Interesting question because I think it’s true that we do write what we tend to enjoy reading! I’d have to say, I most enjoy psychological fiction and also some fantasy and science fiction. I’m interested in writing and reading novels that make social statements, as seen in the work of Margaret Atwood or George Orwell. There are too many present day novelists to list, though my among my favorites from the 19th Century include Tolstoy, Proust, and Dickens. I’m a fan of Gabriel Garcia Marquez due to his use of Magic Realism. I keep meaning to re-read One Hundred Years of Solitude.

If you could collaborate with any person, living or dead, on a writing project, who would it be and why?

It would have to be Margaret Atwood because of her superb imagination. Also, she seems like she’d be easy going and would have the right amount of humor to make a collaborative project possible.

Have you got any projects coming up that you are particularly excited about?

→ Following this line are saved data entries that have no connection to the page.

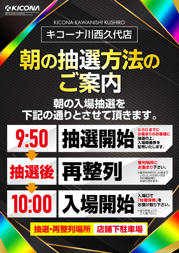 09:50 抽選開始 10:00 入場開始 ※日程により抽選時間の変更がございます |
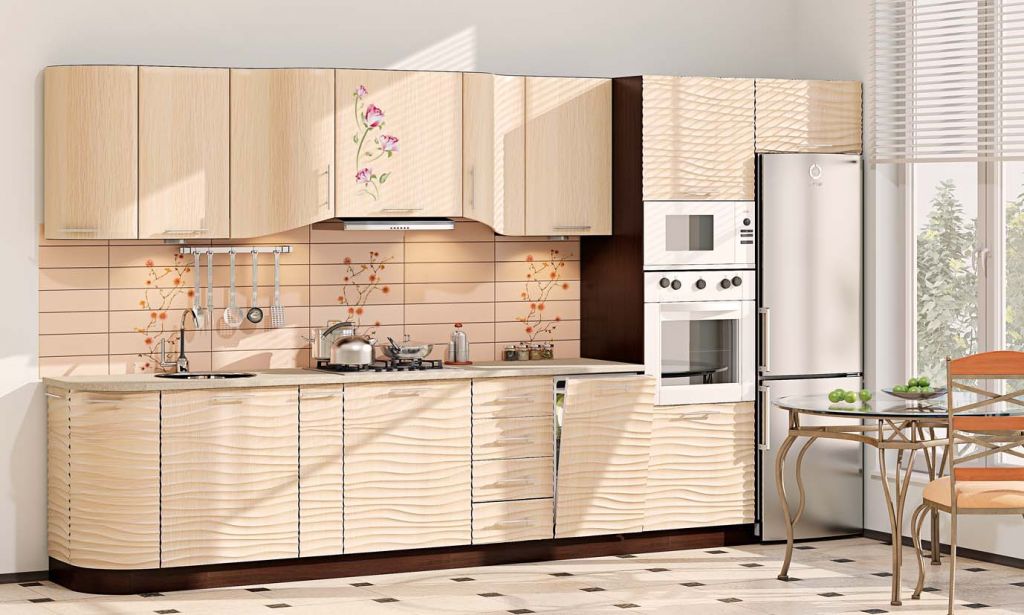 Кухня КХ-193Размеры: высота: 2140 мм ширина: 3780 ммглубина: 600 ммМатериал: корпуса: ламинированый ДСП фасада: МДФЦветная гамма: дуб молочный с печатью, дуб натуральный с печатью, дуб молочный, дубГарантия качества: 18 месяцев
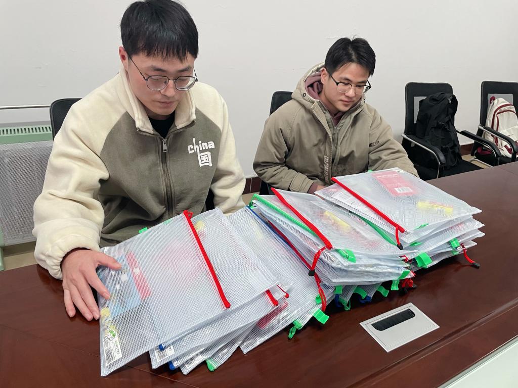 “考研助力包”内包含中性笔、涂卡笔、橡皮、小刀、胶棒、尺子四件套和档案袋,学院为考研学生“一站式”配齐全部考场文具,切实为考研学生提供便捷。学院辅导员、毕业班班主任为考研学生送去“考研助力包”,并贴心送上祝福,让考研学子在凛冽的冬日感受来自学院的温暖与抚慰。
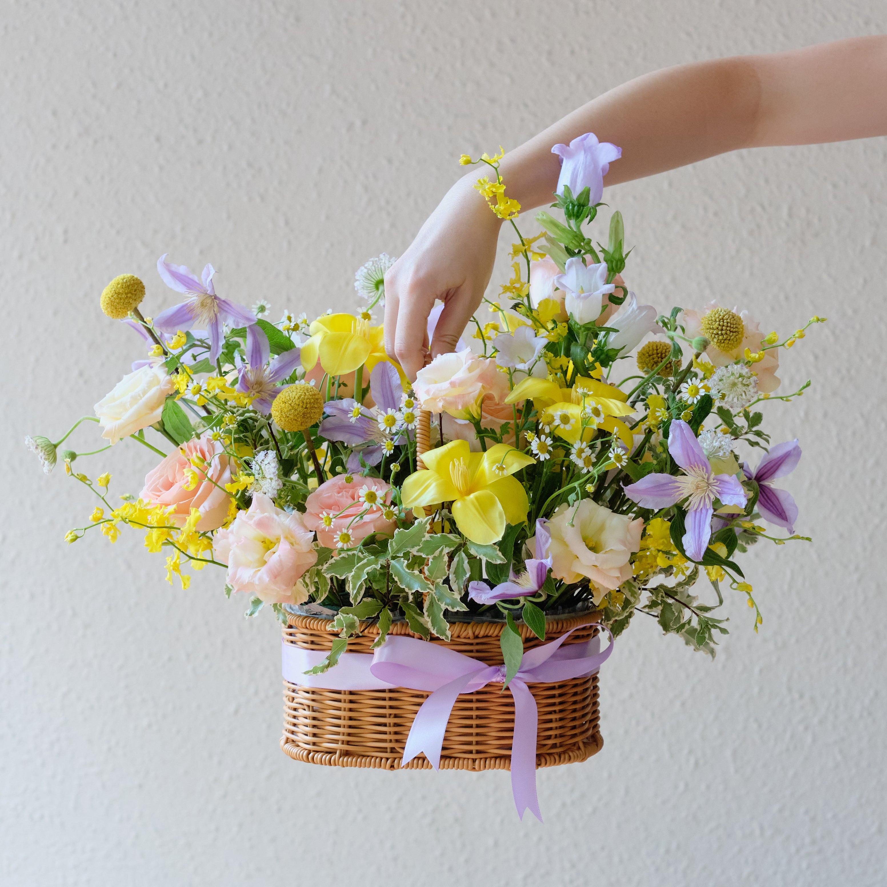 For a seasonal / premium mix of flowers, select the premium flower variety (+$50) and let our florist create a one-of-a-kind arrangement for you! Premium flowers may include: Peonies, Lilies, Ranunculus, Garden Roses, Allium, Calla Lilies, etc. Our florist will select the freshest in-season premium blooms for your basket arrangement.
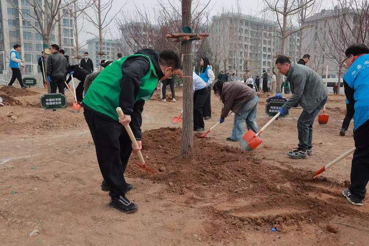 植树现场,科研人员与干部群众分工协作,挥锹挖坑、扶苗培土。活动特别挑选了长寿树种,寄托对“百年科学城”生态繁茂、科创与绿色共生的期许。中国科学院物理研究所科研人员罗军带着女儿一起参加,“我们就在旁边的小区住,以后散步时就能看小树是怎么长大的。让孩子亲近泥土、触摸自然,本身就是一种生动的‘科学启蒙’。在科学城,我们既追求科研突破,也向往推窗见绿、出门入园的美好环境。”
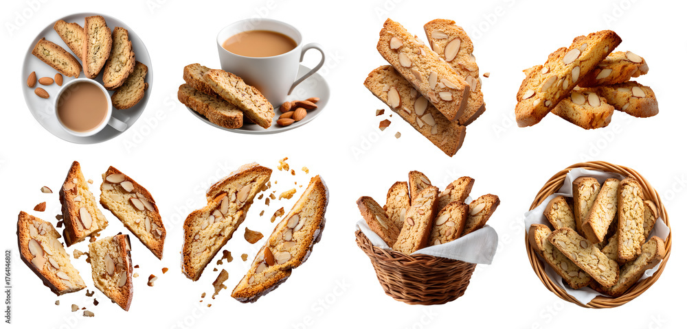 Set of Biscotti cantucci, classic Italian almond nut crunchy twice-baked cookie biscuit, pile stack bitten broken, basket, chai tea pairing, transparent cutout PNG. Many different Mockup template #1764146802
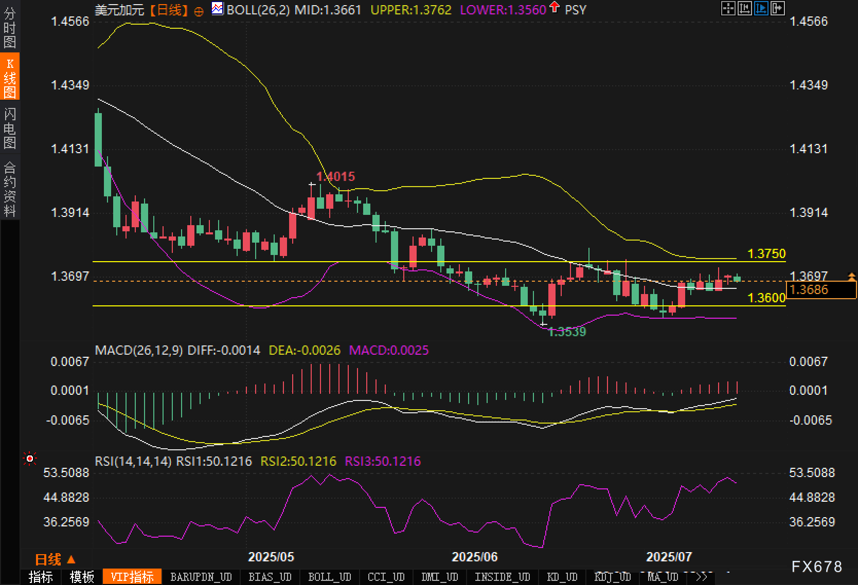 群体心理层面,核心通胀持续粘性令市场倾向于认为利率将在较长时间内保持高位,这限制了对加元大幅升值的预期;另一方面,汇价在1.3650-1.3750区间的反复震荡,也加剧了短线资金的观望心态,情绪波动被压制,未出现明显恐慌性抛售或追涨杀跌行为。
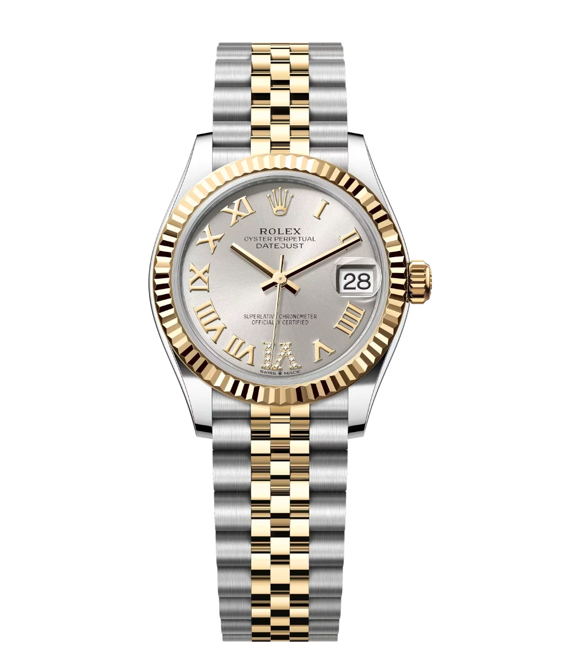 Rolex Datejust 31 Oyster Perpetual Oystersteel and yellow gold silver, diamond-set dial Jubilee band Reference 278273
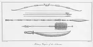 In battle, the army used advanced guard, main body, rear guard and right and left wings on the move. This organization enabled the Ashanti generals to maneuver their forces with flexibility. Reconnaissance and pursuit operations were carried out by the scouts.[16] The scouts were made up of professional hunters who used their skill of marksmanship to snipe at advancing enemy forces in response to detection by the enemy. This was executed often from a perch high in trees. In order to draw the enemy's force and compel them to reveal their positions in the jungle foliage, the scouts carried long wooden sticks with hooks on the end which they used to shake trees as if someone were in them. Scouts were precluded from an involvement in prolonged fighting. After exchanging a few shots with the enemy, they withdrew through the next wave of troops which was the advanced guards.[17] The advanced guard could also serve as initial storm troops or bait troops to get the enemy to reveal their position and strength. The gyase or personal guards protected the king or high ranking nobles on the battlefield. The rear guard however, might function for pursuit or as a reserve echelon. The two wings aided in the tactics of the Ashanti during battle through the encirclement of the opposing force or striking at the rear.[16]
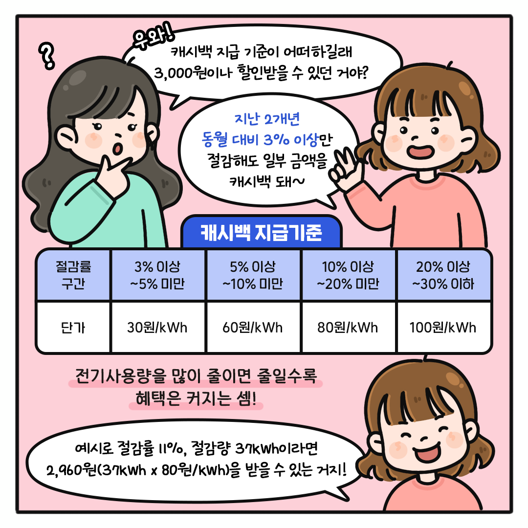 과거보다 일정 수준 전기 사용량을 줄이면 전기요금 일부를 할인(캐시백)해주는 제도!
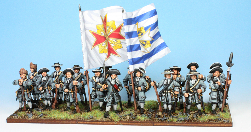 The possibilities with these figures are enormous. With fifteen marching /advancing musketeers in three sets of five, each with four arm variants we offer 60 variants on the musketeers.
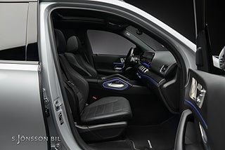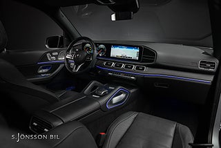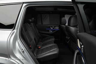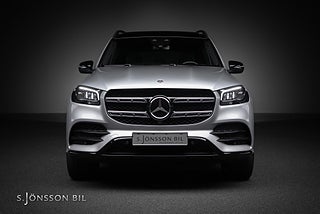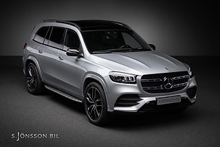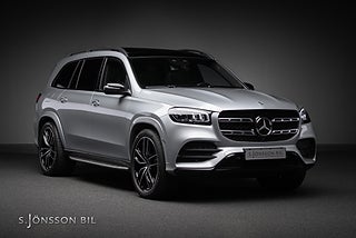 7-sitsig Mercedes-Benz GLS 400d AMG, lackerad i High-Tech Silver metallic med interiör i svart läder.
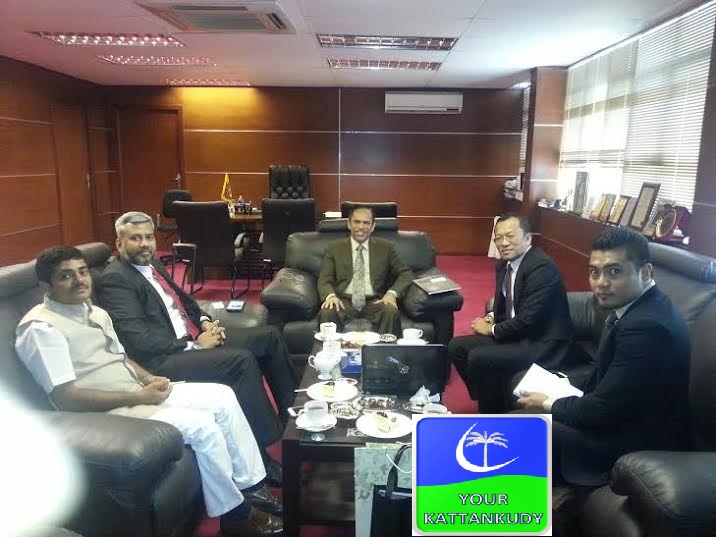 கொழும்பு: எதிர்வரும் செப்டம்பர் மாதம் 5,6,7 ஆம் திகதிகளில் மலேசியாவில் நடைபெறவுள்ள சர்வதேச பொருளாதார, முதலீட்டு மற்றும் புனரமைப்பு மாநாட்டில் இலங்கை சார்பில் இராஜாங்க அமைச்சர் எம்.எல்.ஏ.எம்.ஹிஸ்புல்லாஹ் கலந்து கொள்ளவுள்ளார். பேராக் மாகாண முதலமைச்சரின் நிறைவேற்று அதிகாரி டாக்டர். மஸலன் கமிஷ் மற்றும் மலேசியா சர்வதேச விவகாரங்களுக்கு பொறுப்பான நிறைவேற்று அதிகாரி சாஹூல் ஹமீட் தாவூத் உள்ளிட்ட குழுவினர் இன்று (10.05.2016) காலை இராஜாங்க அமைச்சர் ஹிஸ்புல்லாஹ்வை அமைச்சின் காரியாலயத்தில் சந்தித்து மலேசிய அரசு சார்பில் மாநாட்டுக்கான விசேட அழைப்பிதழை வழங்கினர்.

I’m currently working on a draft of a novel, which is proving to be an interesting challenge, not only because it’s multi genre, but also because it’s main character is a guy – an older guy. I’ve never written from a male perspective before except in a few short stories. It’s tentatively entitled The Ringo Tales and it’s basically about a near End Times community coming together in search of Ringo, a lost golden retriever.

Are there any new books or writers that you are looking forward to later in the year?

Just recently, I began enjoying books by several authors I’m acquainted with on Twitter. Ones I high recommend include: Kevin Ansbro, Susan Rooke, C.A. Asbrey, Milana Marsenich, Iris Yang, and Mark Ozeroff. There are many others whose works I’m curious about but haven’t yet read. This group includes Gemma Lawrence, Ellie Douglas, Karl Holton, Millie Thom, and M. Ainihi. There are many others, as well!

Anything you’d like to add?

Thanks SO much for giving me this opportunity! I’m looking forward to reading your blog.

Huge thanks to Susan for answering my questions, it’s been a pleasure.